I also have a small question I have on the side... my sigma value (which is a measure equivalent to dispersion I believe) for this test is 1.01. I know that data is overdispersed when the value is over 1, and needs to be accounted for, but is a value of 1.01 really a big deal in that regard?

Any help is appreciated thanks!

Edit: This page could be helpful, but I'm still trying to parse it http://www.r-bloggers.com/exploratory-data-analysis-quantile-quantile-plots-for-new-yorks-ozone-pollution-data/
Last edited:


MHF Helper
Sep 2012
Re: Ensuring test assumptions are met in a GLMM or GEE when using non-gaussian famili

Hey StickyFishy.

What are the requirements for residuals in a GLMM or GEE?
Sep 2014
Re: Ensuring test assumptions are met in a GLMM or GEE when using non-gaussian famili

Well, I'm a bit confused about this part as well.

I believe that if you're doing a GLMM, then the following needs to occur:
1. Residuals of the random factor are normally distributed.
2. Residuals from the model output must fit the distribution of the given family.
3. Residuals from the model output must show variance in accordance with the family and link function.

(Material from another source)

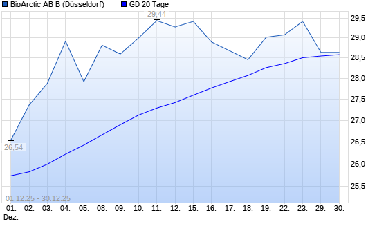 Mit dem Rücksetzer auf 28,82 EUR hat die BioArctic AB B-Aktie am 29.12.2025 die 20-Tage-Linie nach unten gekreuzt.Der Abstand zur 200-Tage-Linie beträgt aktuell +32,20%. ##trendBox## Die ...weiterlesen

As for GEEs, I think it's pretty much the same except the distribution of random factor residuals doesn't matter... but I don't feel very sure anymore. I'm finding it extremely hard to find information online about this stuff. Essentially I just want to know how I should test my GLMM's residuals given I specify, say, an inverse gaussian family with a log-link. I need to use the package glmmpql in my analysis it seems, and there don't seem to be any other aids to assess model fit here, such as AIC, BIC, and loglik that are given when using lme4.